Review Of Maroon 5 At Sydney’s Acer Arena

Maroon 5.

According to Maroon 5 frontman Adam Levine, I am one of the smartest men currently residing in Sydney. In front of a three-quarters full Acer Arena last night, Levine took a moment out from his cocky-rockstar-ladies-man schtick to reveal some rarely seen self-deprecation. Joking there were 17 guys to the 4000 girls in the crowd, he reassured us that not only was it OK to be a guy at a Maroon 5 concert, it was intelligent mathematically. He explained that there are three kinds of Maroon 5 guy-fans at their concerts: those who genuinely like the band, those who don’t mind the band and were there with their girlfriends and those who were 100% dragged along by their female halves: “It’s alright! It’s cool. You can go to the Foo Fighters next week!”

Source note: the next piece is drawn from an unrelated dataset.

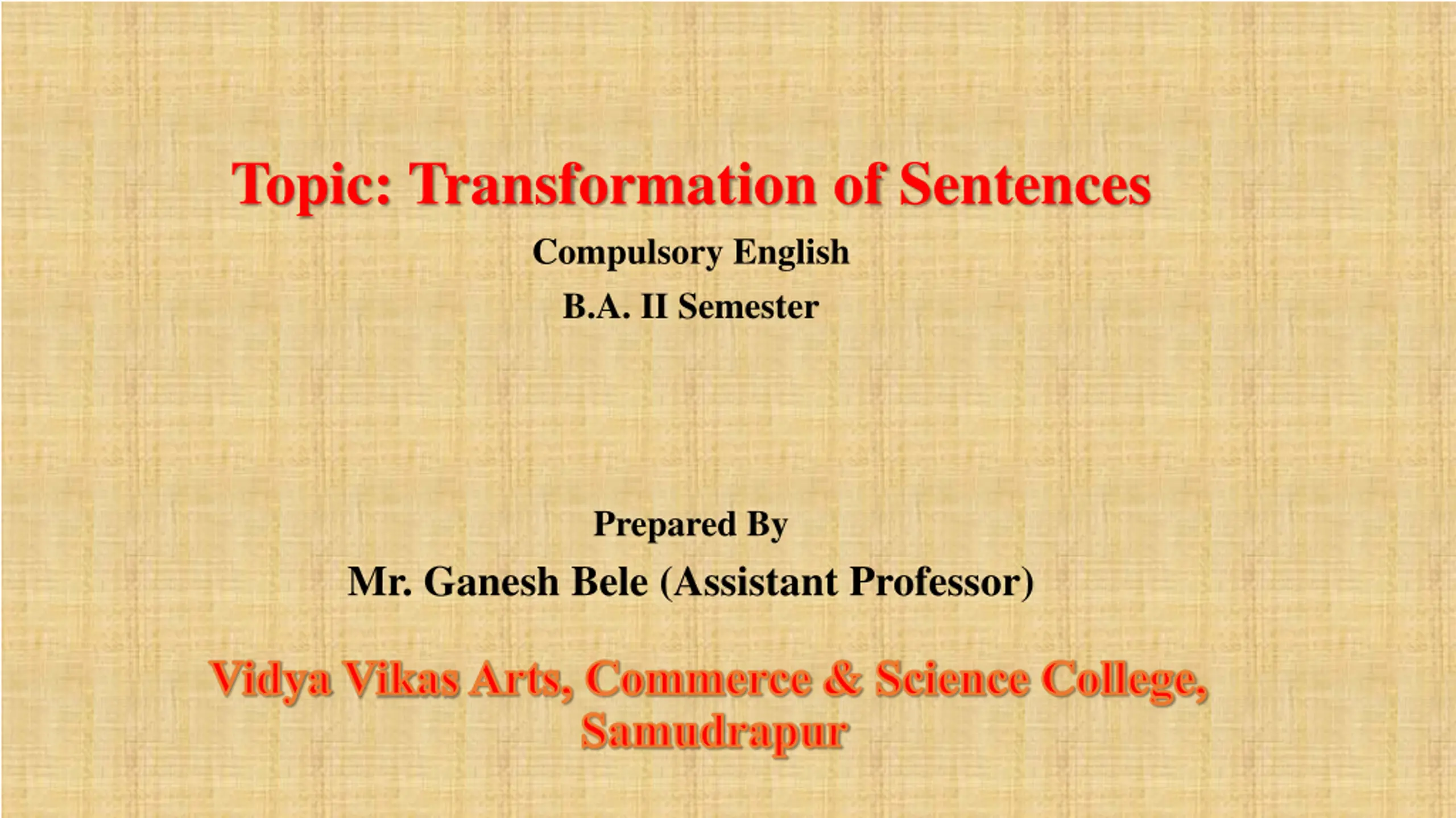 Topic: Transformation of Sentences Compulsory English B.A. II Semester Prepared By Mr. Ganesh Bele (Assistant Professor) Vidya VikasArts, Commerce & Science College, Samudrapur

We knew Levine was cocky and cocky to the point that many blokes are put off and can’t see the way through to the music which I personally feel is some of the best blue-eyed funk / soul this side of Hall & Oates and the Gibb brothers. But this little touch of humility, wrapped up in a gentle-natured dig at his band who in reality attracted substantially more than 17 men to their concert (not to mention more than 4000 girls), was refreshing. That said, it is undeniably fun to see someone relish in being a rock-star and even more-so than in the past, Levine struts the stage with as much borderline effeminate bravado as Mick Jagger. And as for that falsetto – as shown on his homage to one of his “favourite people” Al Green during Let’s Stay Together – it is one of the best in the business.

Nile Rodgers, one of the greatest songwriter / producers of all time.

For a hit-filled hour and 40 minutes, Maroon 5 showed why they are one of the tightest ensembles in current operation. It’s true the pretty-boy routine may ultimately deny them a bigger fan-base and there isn’t a great breadth of variety in their work, but songs like Misery are up there with Bernard Edwards and Nile Rodgers from the Chic organisation (think their productions of Chic’s Le Freak and Good Times, Sister Sledge’s We Are Family and He’s The Greatest Dancer, Diana Ross’ Upside Down and I’m Coming Out, David Bowie’s Let’s Dance, Duran Duran’s Notorious and literally dozens of others). In fact, the first time I heard the disco-scratch rhythm guitar of Misery I felt compelled to Tweet Nile Rodgers that it sounded like him and he should produce Maroon 5’s next record. He appreciated the compliment and with word Maroon 5 are planning a sooner-than-expected release for the fourth album, I can think of no-one better.